Но прошло более полувека, и “Хозяйка”, к моему величайшему изумлению и неописуемой радости, воскресла из небытия: я получил точно такую же кунгурскую фигуру, которую некий знакомый с этой историей москвич случайно обнаружил в антикварном магазине и тут же купил мне в подарок.

“Хозяйкин” же земляк “Кот в сапогах” через пять лет проделал с нами обратный путь через родной Кунгур в Ленинград и еще какое-то время простоял в серванте, пока мы не переехали на другую квартиру. Мама перед этим спросила соседку Стешу, что ей подарить на память, и та попросила “Кота” – если, конечно, Мишенька не возражает… А я не возражал, потому что к тому времени подрос и больше интересовался математическими головоломками и древнескандинавскими мечами и шлемами, чем какими-то там игрушечными котами.
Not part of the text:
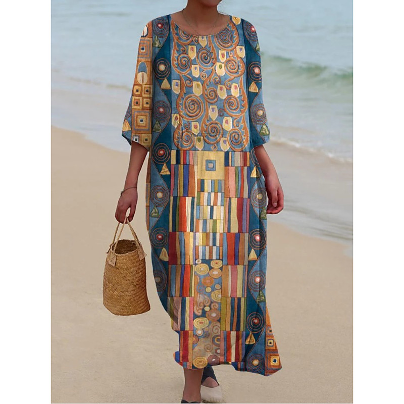 Women's Maxi Dress Kaftan 3/4 Length Sleeve Crew Neck Casual A Line Dress Dress Boho Graphic Geometric Yellow Red Light Brown Brown

Грустные воспоминания. Я собираюсь жениться на китаянке

После Кунгура проехали мы ночь, целый день и еще ночь и утром приехали в Новосибирск. Мама, как проснулись, сильно разволновалась. Она уже бывала в Новосибирске – они с бабушкой эвакуировались туда из блокадного Ленинграда в январе 1942-го и вернулись домой только через два года. Мама работала чертежницей в управлении железной дороги и вечерами училась рисованию и лепке на курсах при каком-то эвакуированном с Украины институте – готовилась поступать в архитектурный. Бабушка на дому занималась навивкой пружинок для какой-то артели. Жили они, сравнительно с другими эвакуированными ленинградцами, довольно безбедно: имели комнату на троих еще с одной родственницей не в бараке, а в кирпичном доме возле Красного проспекта. От дедушки из Ленинграда аккуратно приходил продовольственный аттестат, по которому кормились все трое. А мама еще получала усиленные карточки как работник транспорта – так что не шиковали, но и не голодали.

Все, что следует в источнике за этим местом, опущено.